Part of me has a dream of retiring in the lakeside area or the San Miguel de Allende area and opening up a clay studio. I assume I would have to be outside of town in order to build a Noborigama wood kiln. Do you have any idea how much it would cost to build such a kiln? If so, let me know if it's peso or dollar based. I would need both hard and soft refractory to build such a kiln, as well as cement blocks, etc. Said kiln would have a wood chamber and a soda chamber and fire to cone 10. It would be fired as needed but I wouldn't anticipate many firings per year as it would take a lot of pots to fill it. I'm wondering how expensive it would be to supply it with wood? Do you think wood could be obtained easily and at a reasonable price? Any and all information would be greatly appreciated.

Depending on operating costs I would have smaller electric or gas kilns to bisque and high fire. If electric to cone 6, and gas to cone 10. 

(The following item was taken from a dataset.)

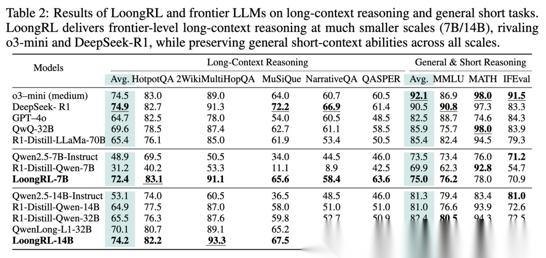 含义:LoongRL 让 14B 模型拥有了媲美顶级闭源模型的长文推理能力。
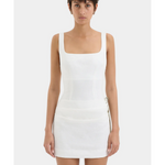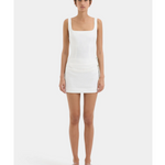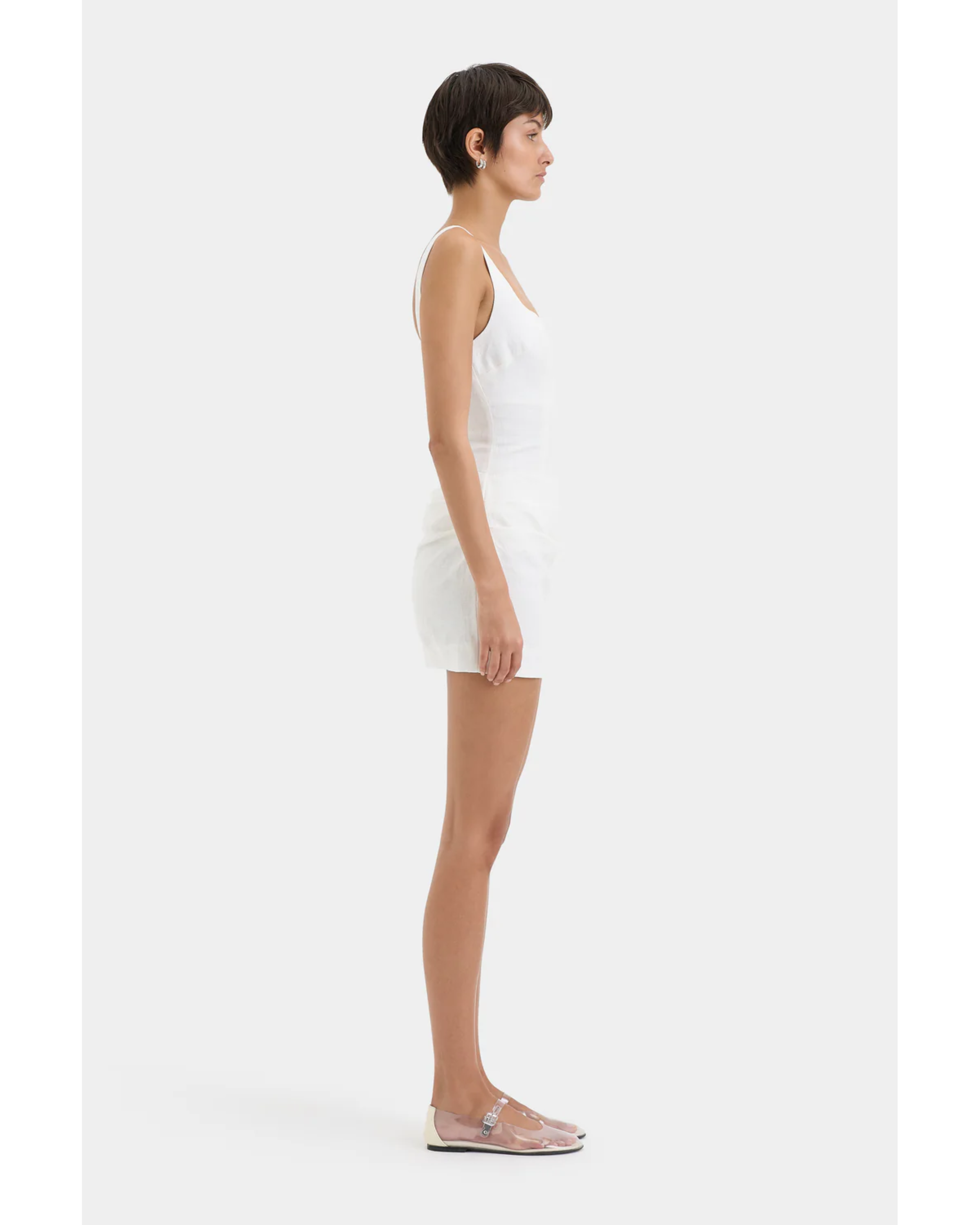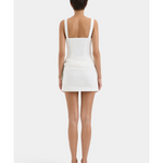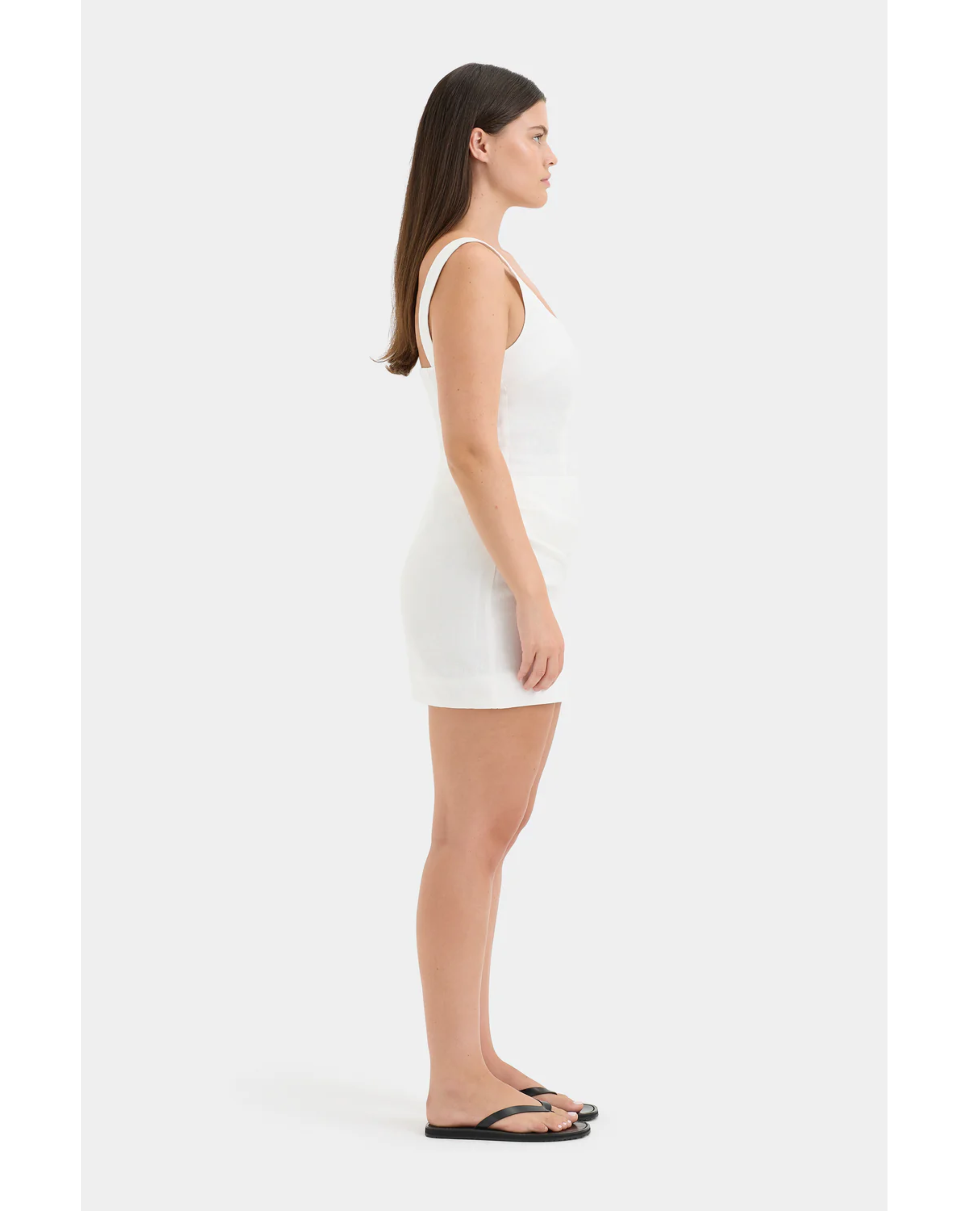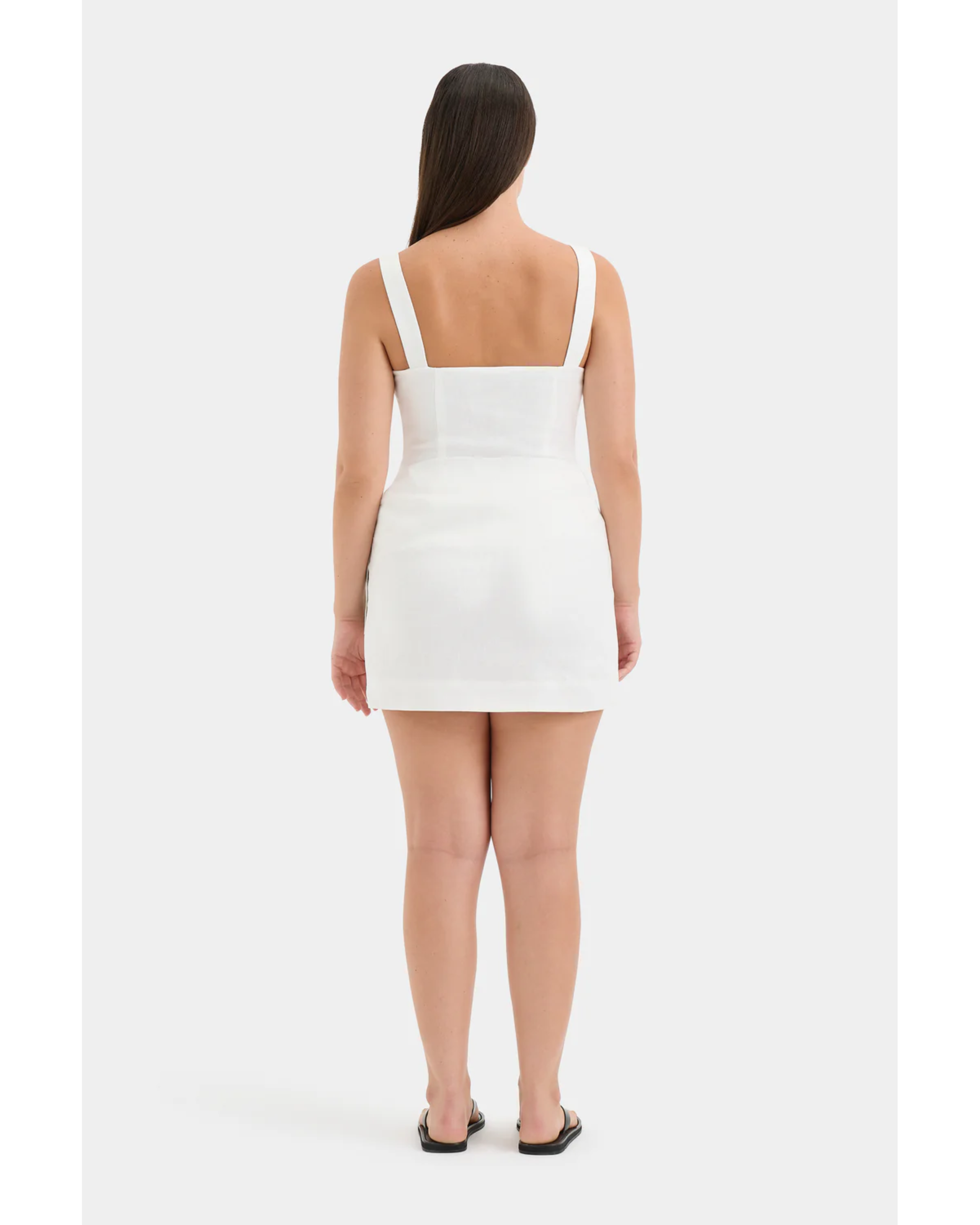 The Jessamine Tie Mini Dress in Ivory is a feminine silhouette, crafted from our signature midweight linen fabrication. It features a square neckline, tucks through the hips for a layered effect and contrast grey ties at the side.

I would have to look into all the laws to find out what and what not I would be allowed to do. Do you think any young Mexican artists would be interested in working in such a studio? I envision being able to supply individual studio space for half a dozen artists. I would probably set up a residency program to bring artists through for 2 - 3 years at a time on a rotational basis. This would provide an artist with studio space and several firing options.

We would have to figure out how they would sell their work. I would want to incorporate a separate gallery space to hold exhibits. Part of each resident artist's rotation would include an individual show to highlight their work. 

Again, this is all a dream but it could certainly become reality, especially if there was any interest from Mexican artists. I've run this by several young artists in the states and basically all of them said it was a great idea and that they would be interested in moving to Mexico for a few years. 

What do you think, is this a crazy idea or something that could possibly work? This would be a non-profit type of adventure, I wouldn't be looking at making any money off the operation. 

I know I would have to go through the whole process of becoming permanente, etc., but this post isn't about that process.


----------



## citlali (Mar 4, 2013)

I am not familiar with a Noborigama kiln what does it do that the Kusakabe kiln does not do or vice or versa?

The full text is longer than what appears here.